PT PP Presisi Tbk (PPRE) mengumumkan perubahan jajaran direksi dan dewan komisaris setelah menggelar Rapat Umum Pemegang Saham Tahunan (RUPST) Tahun Buku 2025, Rapat Umum Pemegang Saham Luar Biasa (RUPSLB) Tahun 2026, serta RUPSLB Independen Tahun 2026. Langkah ini diambil sebagai bagian dari upaya memperkuat tata kelola dan kepemimpinan perusahaan di tengah dinamika industri yang terus berubah.
Dalam susunan baru yang ditetapkan, posisi Komisaris Utama merangkap Komisaris Independen diisi oleh Narwanto. Dua komisaris lainnya adalah Maulana Malik Ibrahim dan Albert Simangunsong. Sementara itu, di jajaran direksi, Rizki Dianugrah ditunjuk sebagai Direktur Utama. Ramlan Nurdiansah menjabat Direktur Keuangan & Human Capital Management, dan Yovi Hendra dipercaya sebagai Direktur Operasi.

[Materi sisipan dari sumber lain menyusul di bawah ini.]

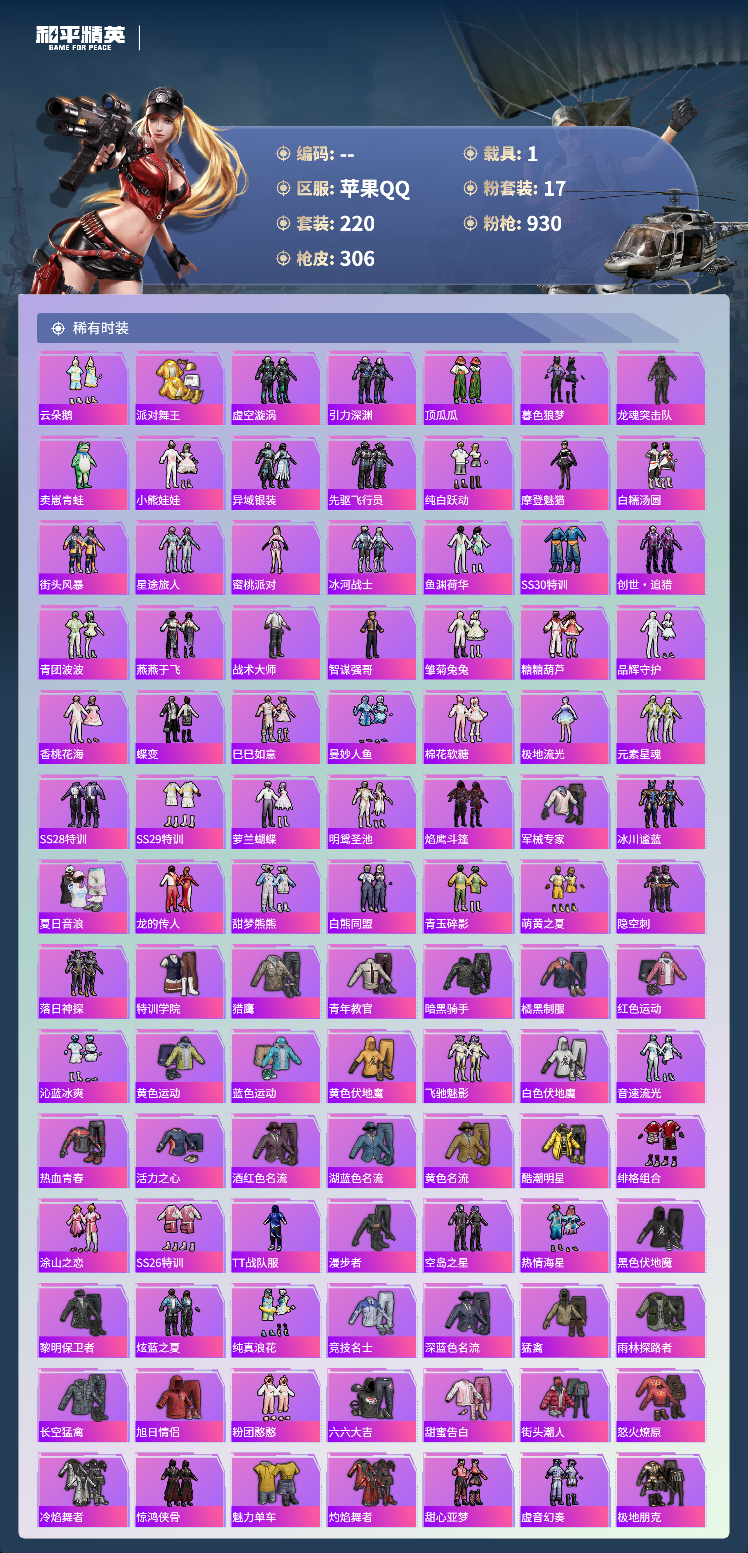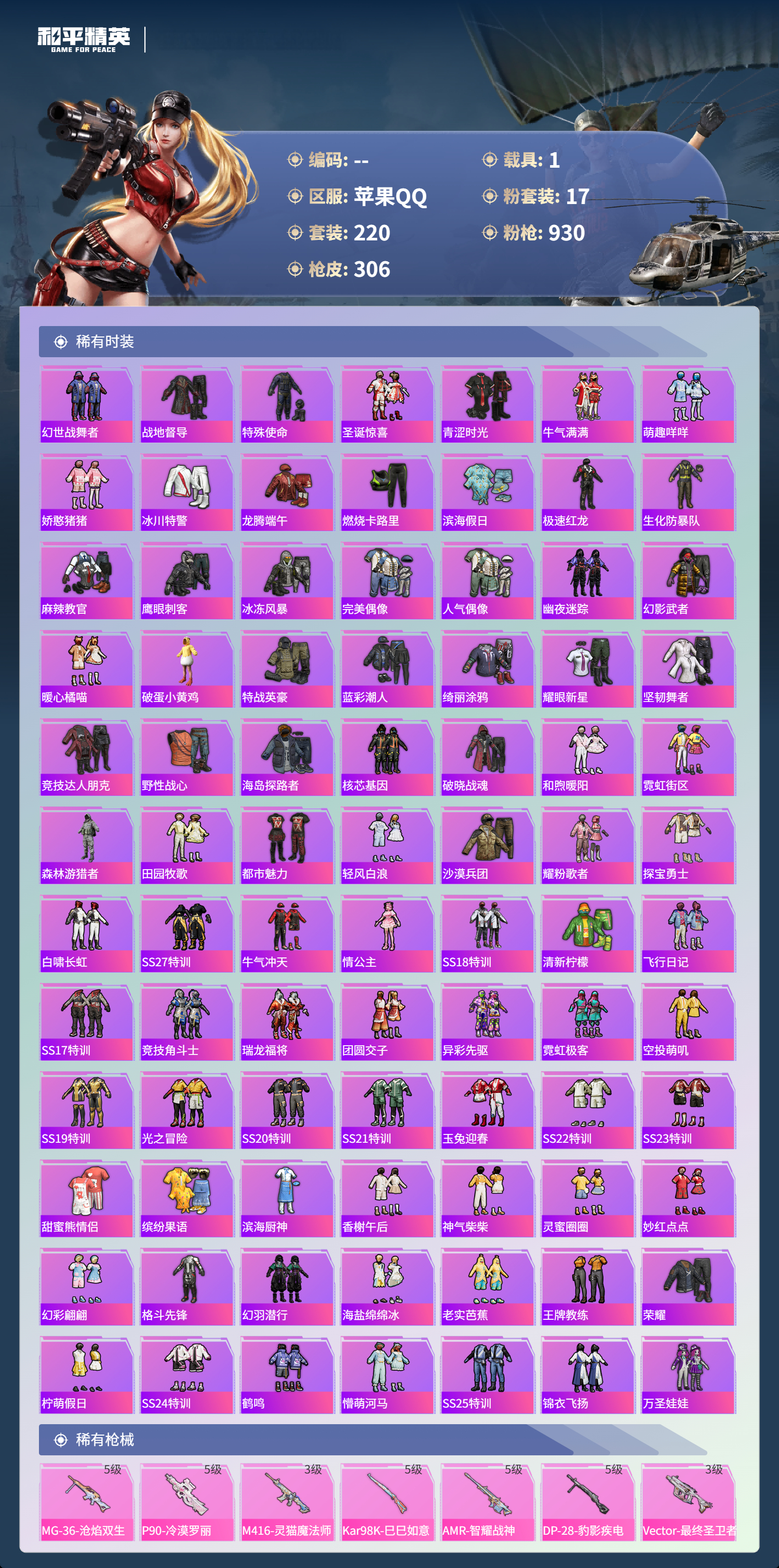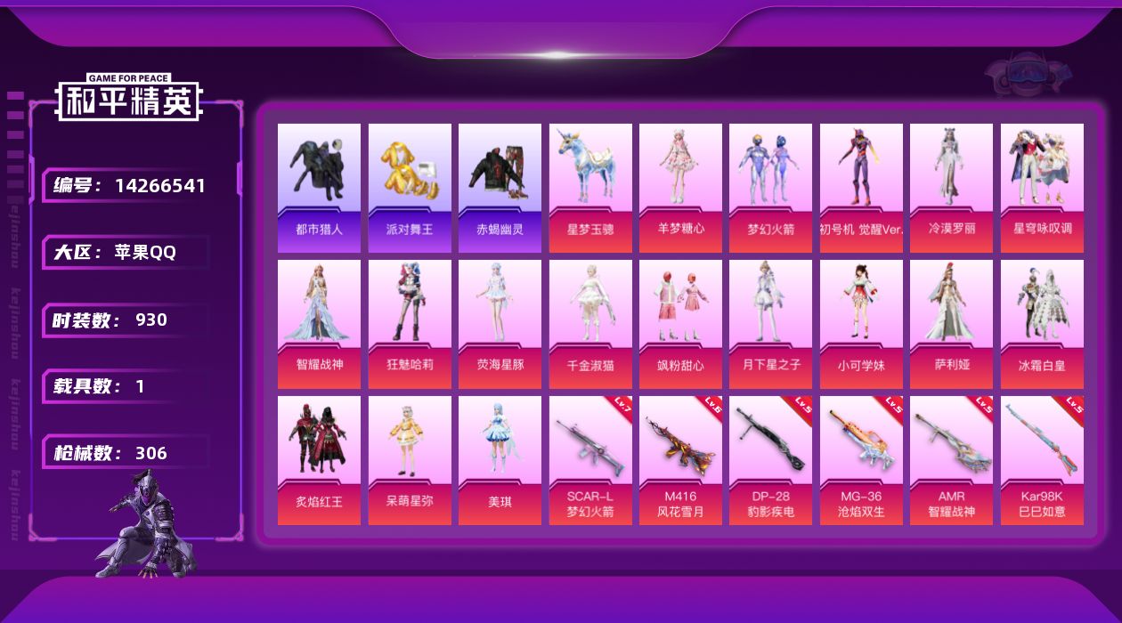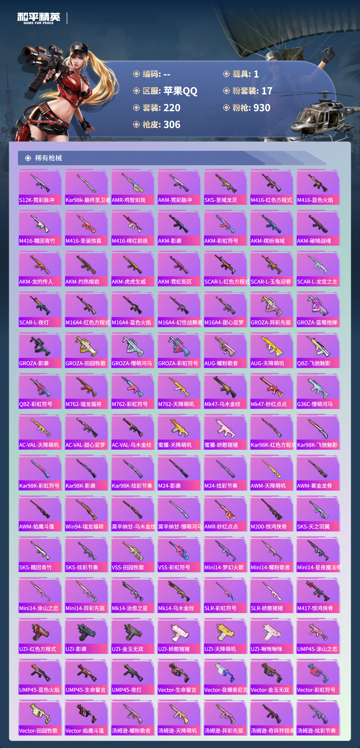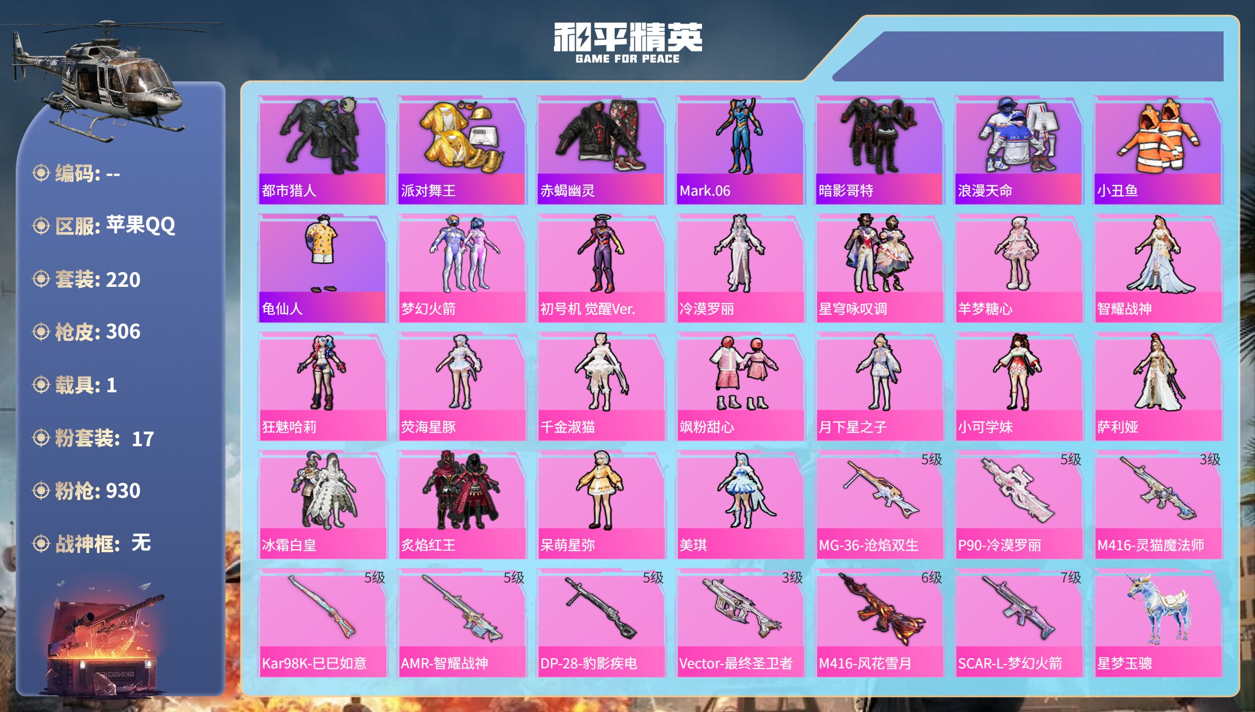 【95779】【不可二次】【苹果QQ】龟仙人 漫步者 都市猎人 炙焰红王 极速红龙 赤蝎幽灵 瑞龙福将 浪漫天命 AWM-黄金龙骨 镜光幻境飞行翼 团圆交子 SCAR-L-梦幻火箭 星梦玉骢 M762-瑞龙福将 齐天大圣飞行器 SCAR-L梦幻火箭 龙翔九天飞行器 黄族统领飞行器 M416-风花雪月 梦幻火箭 AKM-缤纷海域 派对舞王 暗影哥特 冰霜白皇 星之信仰飞行翼

Di balik perubahan struktur kepemimpinan itu, perseroan mencatatkan kinerja yang tetap solid. Pada tahun buku 2025, PPRE membukukan pendapatan konsolidasian sebesar Rp3,9 triliun. Angka ini naik sekitar 4 persen dibandingkan tahun sebelumnya yang mencapai Rp3,8 triliun. Pencapaian tersebut disebut sebagai hasil dari strategi diversifikasi bisnis yang dijalankan secara konsisten, sekaligus menjaga produktivitas operasional tetap berkelanjutan.
Ketahanan fundamental perseroan juga terlihat dari sejumlah rasio keuangan. Rasio likuiditas atau current ratio tercatat sebesar 1,15 kali, masih berada di atas batas covenant perbankan yang ditetapkan sebesar 1,1 kali. Adapun rasio utang berbunga terhadap ekuitas atau interest bearing debt to equity ratio berada di level 0,86 kali, juga di bawah batas covenant yang disyaratkan.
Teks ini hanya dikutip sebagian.